Après deux visites avortées, le successeur de la glaciale Hillary Clinton s’est finalement décidé à venir à Alger.
Sa tournée maghrébine ayant été reportée deux fois en quatre mois.
La première fois en novembre 2013, Kerry était trop occupé à Genève lors des négociations avec les Iraniens
pour le dossier du nucléaire. La main tendue iranienne allait lui offrir l’opportunité de briller. Alger pouvait
attendre. La seconde fois, la relance américaine, en février, avait reçu un accueil assez froid de la diplomatie
algérienne.
Le MAE, Ramtane Lamamra, que, dit-on, les Américains apprécient avec modération, reste inflexible. Les
Américains le connaissent déjà lors de joutes entre l’Ofac et le comité chargé des programmes des sanctions au
sein de l’Union africaine. On le décrit comme “aimable, mais coriace”. Les groupes de travail algéro-américains
qui planchent sur le second round du dialogue stratégique du même nom avancent péniblement à cause des
variations dans les agendas. À Alger, on avale mal le report. Il faut dire que même El-Aurassi a été réquisitionné
avec ses suites présidentielles. Entre-temps, le ministre algérien des Affaires étrangères avait fait son effet à
New York où la diplomatie algérienne post-Medelci retrouve des couleurs. Mais aucune date n’est calée. Le
rapprochement de la date de l’élection présidentielle fige apparemment les positions.
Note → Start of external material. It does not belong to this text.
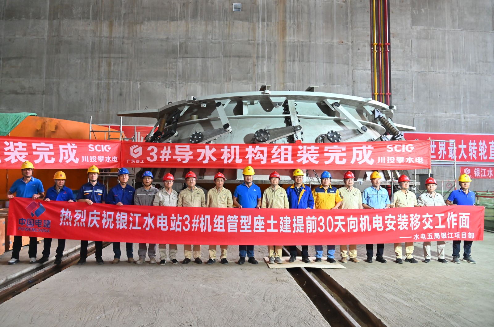 ?三期澆筑提速破局,機組拼裝全力推進。公司緊緊圍繞2025年防洪度汛和全部機組投產發(fā)電這兩個重點目標,團結帶領各參建單位,精心統(tǒng)籌、倒排工期,采取優(yōu)化設計方案、調整施工工藝、強化資源調配等一系列措施,推動工程建設始終保持高速前進的態(tài)勢。目前,銀江水電站三期工程11號至13號壩段混凝土澆筑施工全面推進,一季度實際完成的澆筑工程量超出原計劃20%;3號機組轉子組裝工作已經完成,定子組裝完成60%,導水機構、主軸等關鍵部件均已運抵現(xiàn)場并正在加緊組裝;3號機組管形座二期混凝土澆筑完成 50%;5號、6號機組管形座安裝分別完成90%、60%,正朝著2025年底全面建成投產的目標全力奮進。

Le SOS (Secretary of State) semble embarrassé par autre chose. Lors de la première programmation de la
visite, c’est Rabat qui est monté au créneau. Comme à son habitude, le résident du Palais royal fait sa crise de
nerfs habituelle. L’enfant gâté du Maghreb, Mohammed VI, veut que le Maroc soit la première étape de John
Kerry. “Sinon qu’il ne vienne pas”, répètent les journaux proches de l’autre amateur des vagues.
Le roi du jet-ski est un coutumier des sabordages des visites. De Sarkozy à Clinton en passant par Hollande, il
sort toujours la même rengaine. Le Maroc doit être la première destination avant l’Algérie. Les caprices du roi
sont souvent pris en considération à Washington ou à Paris. Sarkozy était assez teigneux pour que personne ne
lui impose son plan de vol. Hollande avait su s’extirper de la polémique. Clinton l’avait “payé” cash en étant
reçu par le MAE au lieu du roi (à moins qu’il l’ait reçue discrètement pour ne pas perdre la face). En définitive, le
pragmatisme de Kerry aura eu raison des sautes d’humeur de Rabat.
En choisissant Alger avant Rabat, Kerry envoie un signal assez fort quant à la pertinence du rôle et de la
puissance algérienne dans la région. C’est un bon point pour l’Algérie, mais certains candidats à la
présidentielle préfèrent critiquer sa venue au lieu d’en comprendre le sens stratégique.
Si Clinton avait rencontré une société civile algérienne anglophone et choisie cliniquement, Kerry n’est pas du
genre à vouloir s’ériger en donneur de leçons.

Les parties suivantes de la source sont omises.